Hence my question: Are we driven more by cookies than by conviction?  Christian leaders must lead out of a deep place of inner conviction irregardless of whether we get cookies for our leadership. I remember rolling out some new paradigms in the mission I lead ten years ago to the consternation of many who saw it as the flavor of the month and me as out to lunch. If I were looking for cookies they were few and hard to find. And that lasted for quite a while. But what I did have was a deep abiding conviction that where we were going was where God wanted us to go and I said often, "Do not question my resolve!"

Sometimes cookies come and sometimes they don't. We are not called to chase cookies but to move in directions that God wants us to move with conviction and resolve. If I am chasing cookies I will not press into areas that are uncomfortable with either an individual or a congregation. If I am chasing cookies I will become a servant of men rather than of God. I may even compromise my convictions in the process.

I like cookies. But I recognize that cookies don't always serve me well. Convictions serve me much better. Especially those that come from God and are shared by my key colleagues as the direction God wants us to travel. Our best cookies will come from the words of our Lord one day. "Well done my good and faithful servant."

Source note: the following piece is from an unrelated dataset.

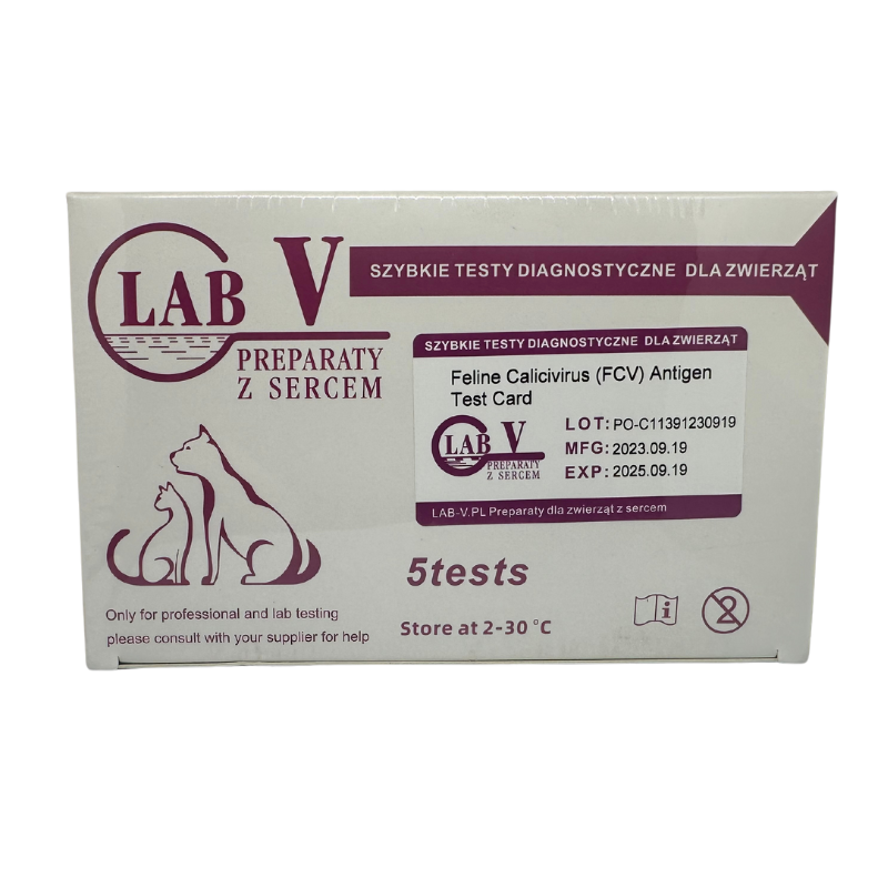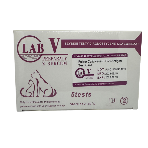 Lab-V FCV Ag to szybki test immunochromatograficzny przeznaczony do jakościowego wykrywania antygenu wirusa kaliciwirozy w próbkach pobranych od kotów. Umożliwia szybką diagnozę infekcji dróg oddechowych wywołanych przez FCV, co pozwala na podjęcie natychmiastowych działań terapeutycznych i ograniczenie rozprzestrzeniania choroby.

Wednesday, January 22, 2014

The one thing that is necessary for needed change in any organization

That one thing is not what changes are necessary or even why they are necessary. Those are easy enough to discern. 

No, the one thing that is necessary for needed change in any organization is the courage of leaders to admit the need and have the courage to act on needed changes. Without the humility to admit that change is needed - and that is humbling - and without the requisite courage to act on that need, nothing happens. 

I work with churches and ministry organizations as well as lead ReachGlobal, an international missions organization. The reason I get called in to work with other organizations is that they recognize that not all is well. They are experiencing organizational pain and are looking for solutions. 

Finding the source of the pain is not difficult. Convincing the ones experiencing the pain can be. They know that all is not well. But in come cases do not have the courage to act on the necessary steps to solve the problem - which is usually holding them back from much greater ministry effectiveness. 

Why is this when it defies logical sense? Because it is more comfortable to live with what we have and the way we have been doing things than to take the risk of doing things differently. Comfort often wins out over mission.

Courageous leaders don't settle for what is when they know what could be. They take the risk to act on needed change in spite of their own comfort and what they are used to. The mission of the ministry is a higher priority than their comfort or even long established paradigms. That is the nature of good leadership.

When asked to help an organization my internal question is always this: Do the leaders have the courage to change? If the answer is no, it is best to leave them with their old paradigms. Don't be one of those leaders!

Process in change

Knowing that changes need to be made is half of the challenge. The other half is designing a change process that is most likely to result in your desired conclusion. The key word here is process. When change goes wrong, it is usually connected to a process that is flawed or short-circuited.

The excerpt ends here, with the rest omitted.